Difference between revisions of "2024 AMC 10A Problems/Problem 13"

Revision as of 03:02, 9 November 2024

Problem

Two transformations are said to commute if applying the first followed by the second gives the same result as applying the second followed by the first. Consider these four transformations of the coordinate plane:

a translation $2$ units to the right,

a $90^{\circ}$ -rotation counterclockwise about the origin,

a reflection across the $x$ -axis, and

a dilation centered at the origin with scale factor $2.$

Of the $6$ pairs of distinct transformations from this list, how many commute?

$\textbf{(A)}~1\qquad\textbf{(B)}~2\qquad\textbf{(C)}~3\qquad\textbf{(D)}~4\qquad\textbf{(E)}~5$

Solution 1 (Generalized)

Label the given transformations $T_1, T_2, T_3,$ and $T_4,$ respectively. The rules of transformations are:

$T_1: \ (x,y)\to(x+2,y)$

$T_2: \ (x,y)\to(-y,x)$

$T_3: \ (x,y)\to(x,-y)$

$T_4: \ (x,y)\to(2x,2y)$

Note that:

Applying $T_1$ and then $T_2$ gives $(x,y)\to(x+2,y)\to(-y,x+2).$
Applying $T_2$ and then $T_1$ gives $(x,y)\to(-y,x)\to(-y+2,x).$
Therefore, $T_1$ and $T_2$ do not commute.

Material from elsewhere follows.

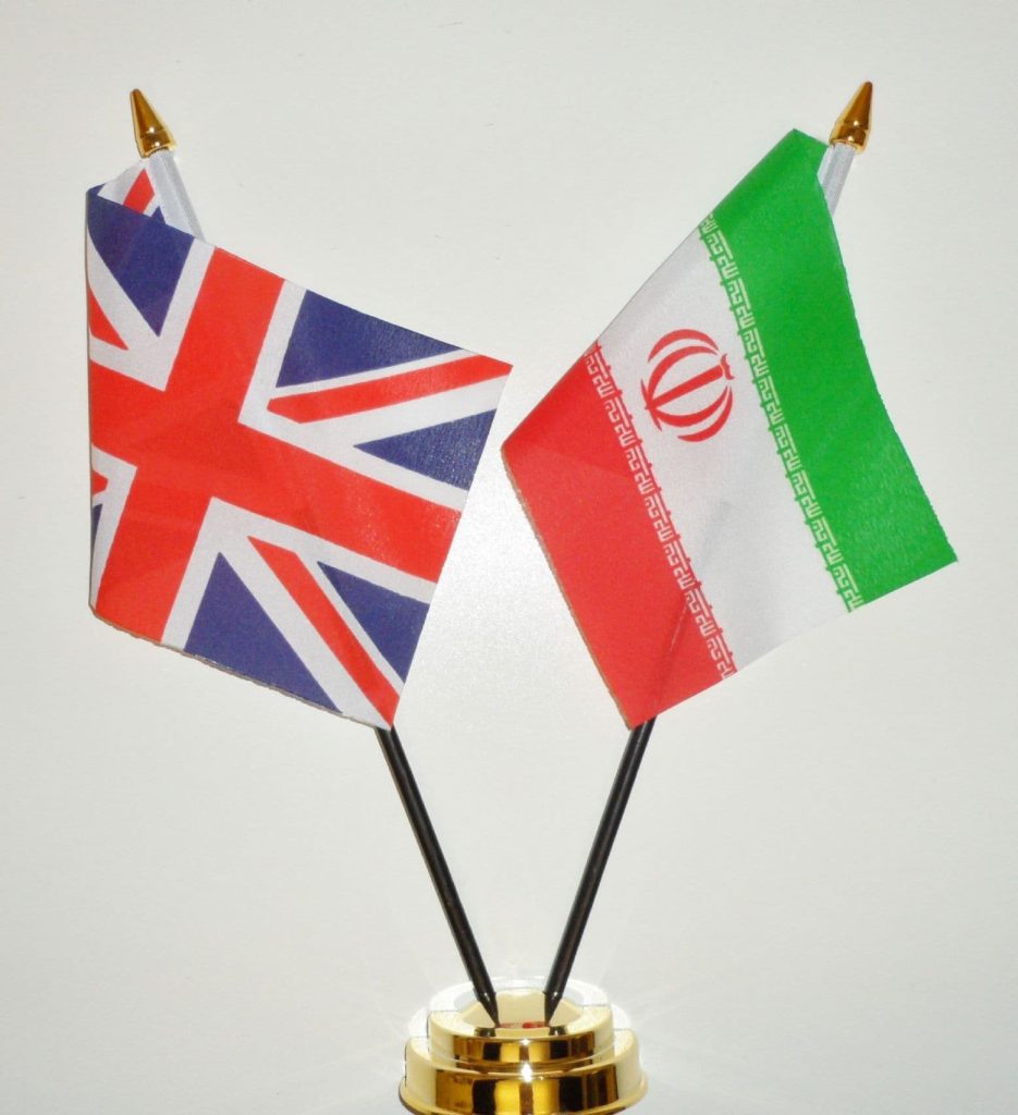 United Kingdom and Iran Friendship Table Flag

Applying $T_1$ and then $T_3$ gives $(x,y)\to(x+2,y)\to(x+2,-y).$
Applying $T_3$ and then $T_1$ gives $(x,y)\to(x,-y)\to(x+2,-y).$
Therefore, $T_1$ and $T_3$ commute. They form a glide reflection.

Applying $T_1$ and then $T_4$ gives $(x,y)\to(x+2,y)\to(2x+4,2y).$
Applying $T_4$ and then $T_1$ gives $(x,y)\to(2x,2y)\to(2x+2,2y).$
Therefore, $T_1$ and $T_4$ do not commute.

Applying $T_2$ and then $T_3$ gives $(x,y)\to(-y,x)\to(-y,-x).$
Applying $T_3$ and then $T_2$ gives $(x,y)\to(x,-y)\to(y,x).$
Therefore, $T_2$ and $T_3$ do not commute.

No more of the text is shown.